Correctness is returned as a continuous metric ranging from 0 to 1:

0

1

Low Correctness

The response contains factual inaccuracies or hallucinations

High Correctness

The response is factually accurate and free of errors

This score reflects the probability that a response is free from factual inaccuracies. A higher score indicates greater factual accuracy and trustworthiness.


Evaluation Method

DeepRails performs a structured, multi-step factual audit on every model output. Each response is broken down into the smallest evaluable units—typically atomic factual claims—and each unit is scored independently.

1

Claim Extraction and Segmentation

The model output is decomposed into granular factual claims. Multi-part or compound statements are split into individual assertions to allow precise verification.

2

Fact Verification and Confidence Assessment

Each claim is reviewed for factual accuracy. A binary correctness judgment (Y/N) is assigned, along with a confidence rating: Low, Medium, High, or Certain.

3

Aggregate Scoring

All judgments are consolidated into a final continuous correctness score between 0 and 1, reflecting the factual reliability of the entire response.

The result is a single, user-facing score that provides a clear signal of how trustworthy a model response is. Users can choose to view this score as a float (e.g. 0.83) or a boolean (Pass/Fail), depending on their workflow needs.


Understanding Correctness

Correctness vs. Context Adherence

It’s important to distinguish Correctness from other related metrics:

Correctness: Measures whether a model response contains factual information, regardless of whether that information is included in the provided context.

Context Adherence: Measures whether the model’s output is derived solely from the user-supplied context or documents.

Example: A model may state that “The Eiffel Tower is in Paris,” which is factually correct (high Correctness) even if not present in the context. However, if it pulls this from outside the given context, it may have low Context Adherence.

Addressing Low Correctness Scores

Improving Correctness

When responses score low on correctness, consider the following steps:

Pattern Analysis: Identify patterns in hallucinated or factually incorrect outputs using DeepRails’ claim-level audit logs.

Prompt Tuning: Modify prompts to encourage grounded responses and discourage speculation.

Model Selection: Experiment with different foundation models, as factuality varies widely across architectures.

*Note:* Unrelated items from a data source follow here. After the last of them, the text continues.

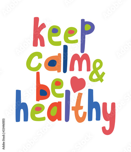 Keep calm and be healthy. Vector hand drawn lettering. Great for posters, cards. Colorful illustration isolated on white background.
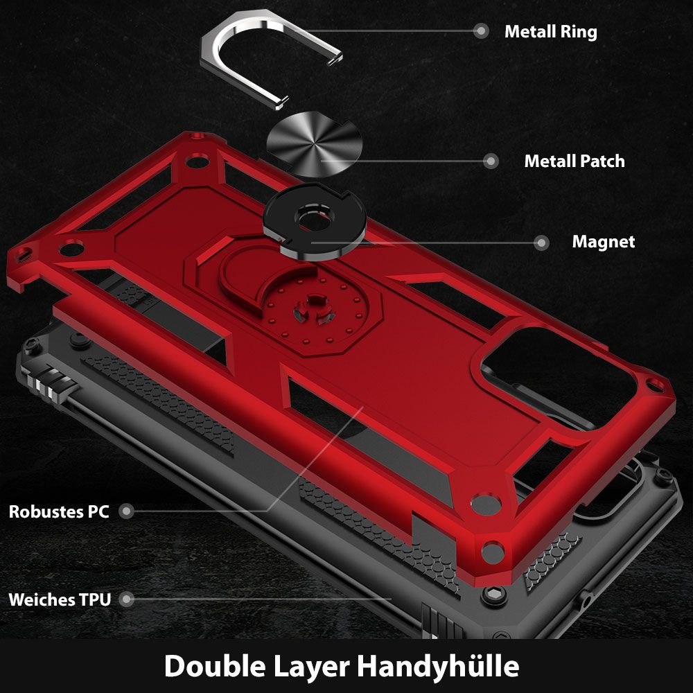 HOHE QUALITÄT: Sehr hochwertige, robuste Double Layer Handyhülle für Samsung Galaxy A51 mit schicker Optik sowie 360° drehbaren Ringhalter
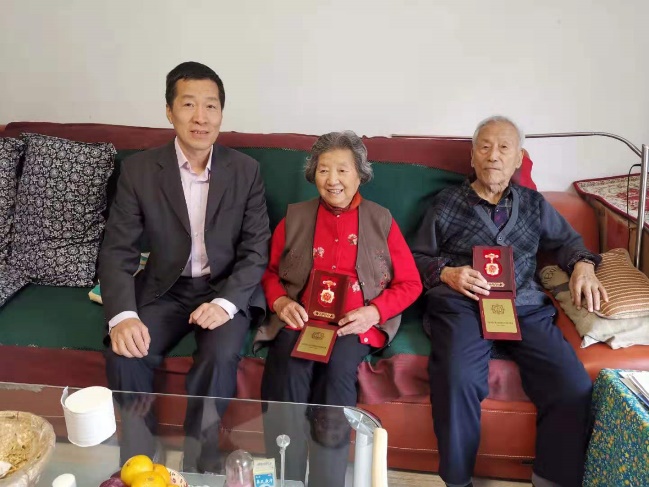 在喜迎中华人民共和国成立70周年之际,根据中组部、中科院通知精神,9月20日上午,长春光机所党委书记、副所长马明亚在离退中心主任韩文斌的陪同下,登门看望慰问了离休干部、原物理所党委副书记刘权。马明亚详细了解了刘权的生活起居状况,嘱咐他保重身体,祝福他健康长寿。马明亚对刘老为党和国家的事业及本所的建设发展做出的巨大贡献表示衷心感谢,并转交了中共中央、国务院、中央军委颁发的庆祝中华人民共和国成立70周年纪念章。当了解到刘老的夫人也为离休干部并荣获庆祝中华人民共和国成立70周年纪念章时,马明亚向二位老人表达了诚挚的祝福,并高兴地与二位老人合影留念。

Verification Workflow: Use automated or human-in-the-loop workflows to review and override responses with low correctness confidence.

Best Practices

Enforce Fact Checks

Establish automated checks for factual accuracy against trusted sources before surfacing responses to end users.

Use Confidence Thresholds

Incorporate confidence ratings per claim to drive override rules or fallback flows.

Benchmark by Domain

Measure correctness across different knowledge domains to uncover systemic gaps.

Halt on Hallucination

Use DeepRails correctness guardrail to prevent clearly false information from ever reaching the user.

While Correctness provides a powerful factuality lens, it’s important to combine it with other guardrails like Context Adherence and Completeness for robust production safety.